WHAT TO WORK ON.
Please return the full listing word for word, leaving out any pictures.

PROVIDED RECORDS.
****
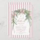 A soft pastel Christmas invitation featuring watercolor pine branches, pinecones, and pink satin bows on a blush striped background. This delicate design blends vintage charm with modern elegance — perfect for cozy holiday gatherings or feminine festive celebrations.
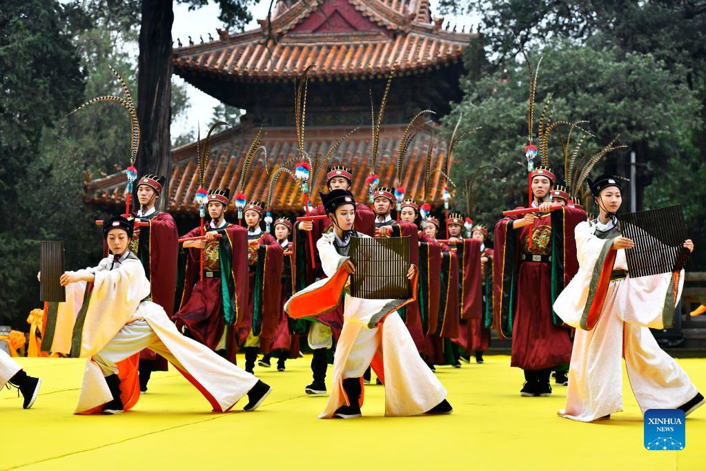 A ceremony marking the 2,572nd anniversary of the birth of ancient Chinese sage and educator Confucius is held at Confucius Temple in Qufu, east China's Shandong Province, Sept. 28, 2021. Born near the present-day town of Qufu, Confucius (551-479 B.C.) founded a school of thought that influenced later generations and became known as Confucianism. (Xinhua/Guo Xulei)
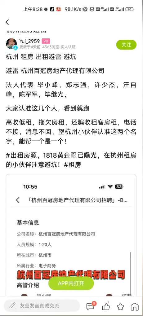 有网友表示,这家公司已涉及上百位租客和房东,金额预计达几百万,目前关于金额等没有定论。帖文内容显示,该房屋中介公司为杭州百冠房地产代理有限公司。据天眼查资料,该公司目前注册地址为拱墅区北上新城,而就在一个月前,注册地址还是拱墅区冬泽巷,这期间发生了地址变更。
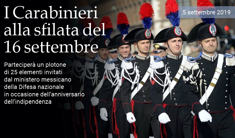 5 settembre 2019 - Lunedì 16 settembre in Plaza de la Constitución a Città del Messico un plotone di rappresentanza composto da 24 Carabinieri —cadetti allievi della Scuola marescialli e brigadieri— e un ufficiale dell’Ufficio Cooperazione Internazionale del Comando Generale sono stati invitati e parteciperanno alla sfilata che il ministero messicano della Difesa nazionale organizza in occasione delle celebrazioni del 209º anniversario dell'indipendenza del Paese. Prenderanno parte all'evento anche rappresentanti delle forze dell'ordine di altre nazioni, tra cui Argentina, Cile, Spagna, Polonia e Portogallo. La Guardia Nazionale (GN) guiderà la formazione con elementi di prossimità sociale, elementi operativi e la banda di guerra, oltre a gruppi a cavallo e motorizzati. Luis Rodríguez, comandante della GN, ha dichiarato che la tradizionale parata militare vedrà impegnati 4,637 membri di questa istituzione. (massimo barzizza / puntodincontro.mx)
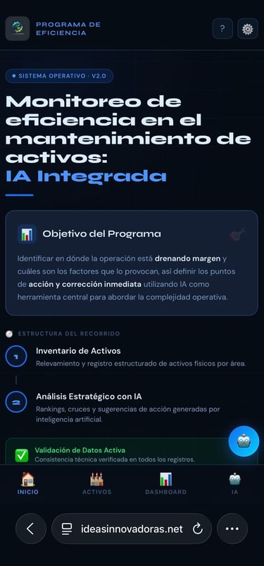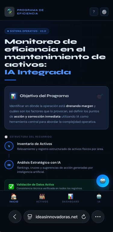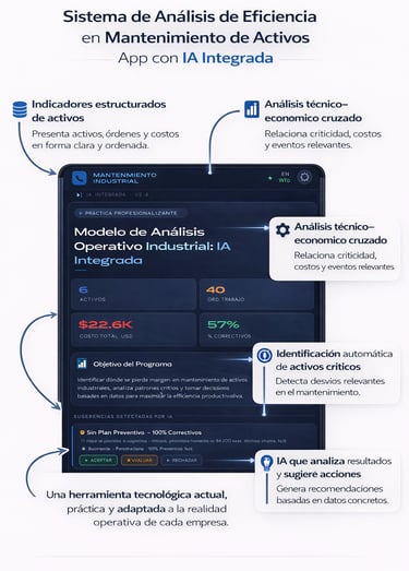Herramienta de monitoreo y análisis de activos con IA integrada. Permite visualizar rankings de costos, criticidad, horas de parada y correctivos — y genera sugerencias de acción basadas en los datos reales de la operación.
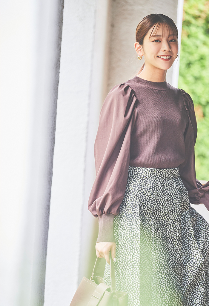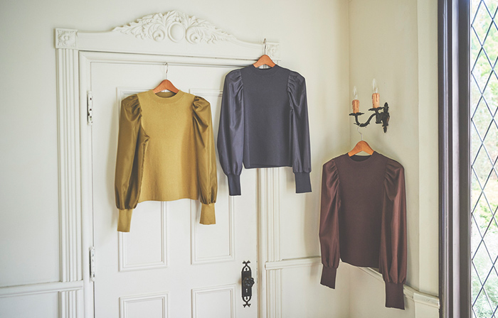 トレンドのボリュームスリーブがフェミニンなニットトップス。品のある細めのリブニットと、スリーブ部分のブラウス生地の異素材切り替えで、1枚で着映えするデザインに。差し色になるイエローと、こなれた印象のチャコール、ベーシックなブラウンの3色展開です。
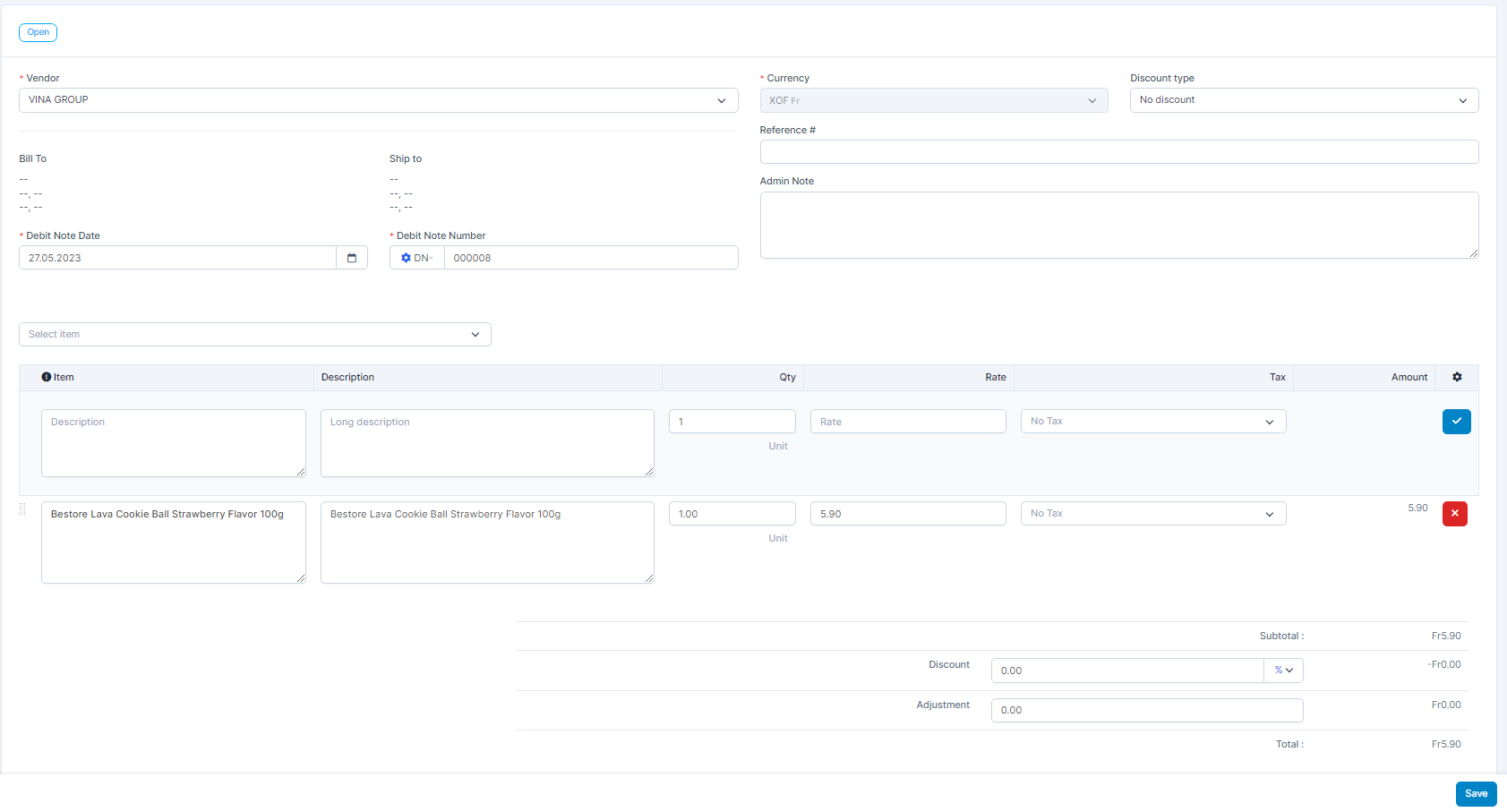 1. Select the მომწოდებელი2. Select the Discount type 3. Enter the Debit შენიშვნა Date 4. Select or enter the item, enter the Qty and Rate. Then click
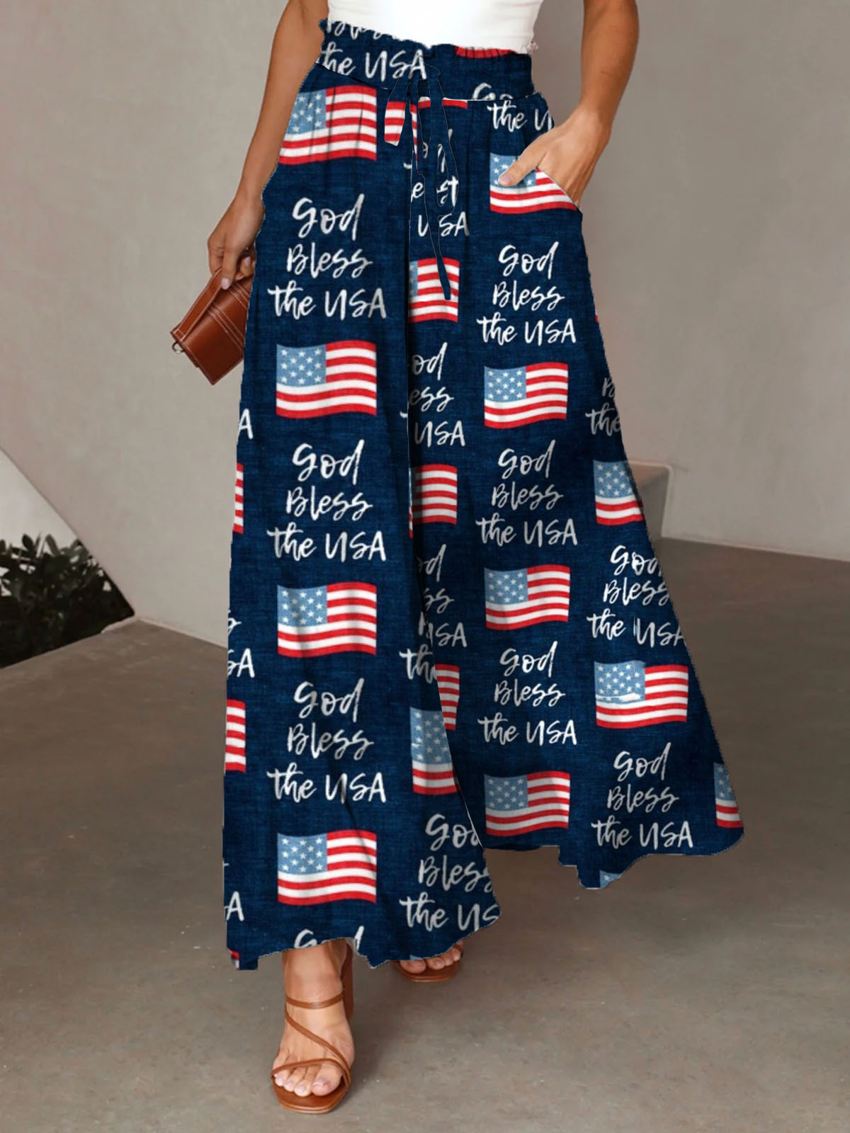 Women's Independence Day Themed American Flag Print Wide Leg Pants
****
RESPONSE BOX.
 A soft pastel Christmas invitation featuring watercolor pine branches, pinecones, and pink satin bows on a blush striped background. This delicate design blends vintage charm with modern elegance — perfect for cozy holiday gatherings or feminine festive celebrations.
 A ceremony marking the 2,572nd anniversary of the birth of ancient Chinese sage and educator Confucius is held at Confucius Temple in Qufu, east China's Shandong Province, Sept. 28, 2021. Born near the present-day town of Qufu, Confucius (551-479 B.C.) founded a school of thought that influenced later generations and became known as Confucianism. (Xinhua/Guo Xulei)
 有网友表示,这家公司已涉及上百位租客和房东,金额预计达几百万,目前关于金额等没有定论。帖文内容显示,该房屋中介公司为杭州百冠房地产代理有限公司。据天眼查资料,该公司目前注册地址为拱墅区北上新城,而就在一个月前,注册地址还是拱墅区冬泽巷,这期间发生了地址变更。
 5 settembre 2019 - Lunedì 16 settembre in Plaza de la Constitución a Città del Messico un plotone di rappresentanza composto da 24 Carabinieri —cadetti allievi della Scuola marescialli e brigadieri— e un ufficiale dell’Ufficio Cooperazione Internazionale del Comando Generale sono stati invitati e parteciperanno alla sfilata che il ministero messicano della Difesa nazionale organizza in occasione delle celebrazioni del 209º anniversario dell'indipendenza del Paese. Prenderanno parte all'evento anche rappresentanti delle forze dell'ordine di altre nazioni, tra cui Argentina, Cile, Spagna, Polonia e Portogallo. La Guardia Nazionale (GN) guiderà la formazione con elementi di prossimità sociale, elementi operativi e la banda di guerra, oltre a gruppi a cavallo e motorizzati. Luis Rodríguez, comandante della GN, ha dichiarato che la tradizionale parata militare vedrà impegnati 4,637 membri di questa istituzione. (massimo barzizza / puntodincontro.mx)
Herramienta de monitoreo y análisis de activos con IA integrada. Permite visualizar rankings de costos, criticidad, horas de parada y correctivos — y genera sugerencias de acción basadas en los datos reales de la operación.
 トレンドのボリュームスリーブがフェミニンなニットトップス。品のある細めのリブニットと、スリーブ部分のブラウス生地の異素材切り替えで、1枚で着映えするデザインに。差し色になるイエローと、こなれた印象のチャコール、ベーシックなブラウンの3色展開です。
 1. Select the მომწოდებელი2. Select the Discount type 3. Enter the Debit შენიშვნა Date 4. Select or enter the item, enter the Qty and Rate. Then click
 Women's Independence Day Themed American Flag Print Wide Leg Pants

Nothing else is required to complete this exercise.